— Пошляк, — сказал быстрый Марат.
— Ну, пошляк, — сказал я, опять не сбиваясь. — Есть куча книг про то, как горевал мальчишка зря, как отцы воевали, а на нашу долю подвигов не осталось, — и потом выясняется, что осталось, и столько, что хоронить некого. Это нас и губит всегда. Потому что мы вечно бьемся насмерть, а изображаем, что ромашки нюхаем, и пацаны наши в Афгане и Чечне кашей мирных кормят. Потому пацан всю дорогу грустит оттого, что все кругом так скучно. Потом ему раз — и штыком в горло, и в цинке на родину, ночью, чтобы никто не видел. А Штаты всю дорогу позиционируют себя как государство в состоянии войны. И даже когда в сортир идут, понты нарезают, словно за линию фронта собрались. И любого бомжа завернутым во флаг хоронят. Под гимн и салют. Это грамотный подход. Да. А самое обидное, что Голливуд фильмы снимает по нашей ведь идее, Горького или кого там, — развлекая, обучать. Они и обучаются, и знают, что они лучшие, а кругом — враги или просто лохи, чурбаны, которых надо обстругать до нужной формы.
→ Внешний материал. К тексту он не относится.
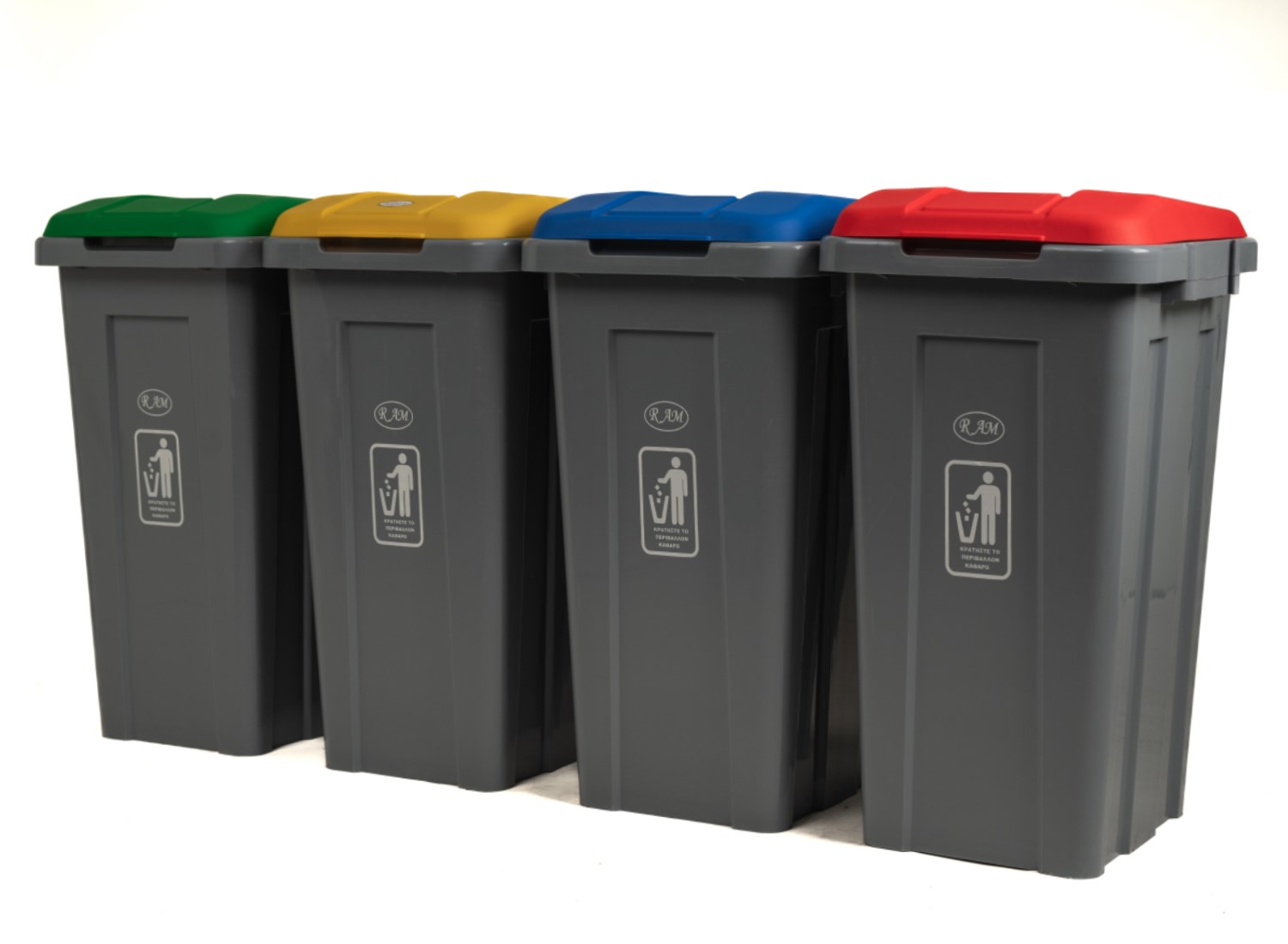 Κάδος ανακύκλωσης της RAM, κατασκευασμένος από ABS. Διαθέτει εσωτερικό πλαίσιο για να κρατά την σακούλα και υποδοχή στα πλάγια ώστε να συνδέεται με άλλους για τον διαχωρισμό των υλικών προς ανακύκλωση.

— Ты про это написал, что ли? — несколько удивился Марат.
— Не, я сейчас про детство же рассказываю. Я статьи не пересказываю из принципа, ладно? Вот. Короче, я так и не посмотрел телесериал, про который «АиФ» больше всего тогда писал. «Америка» называется. Название специально с ошибками написано, типа по-русски, через «кей» вместо «си», и русская «я» вместо «ар». Представляешь, да?
Я нарисовал черенком вилки на скатерти. Мужики заинтересованно закивали — пьяные совсем были, похоже. А я когда рядом с пьяными, сам заметно косею. Известный, между прочим, психологический феномен.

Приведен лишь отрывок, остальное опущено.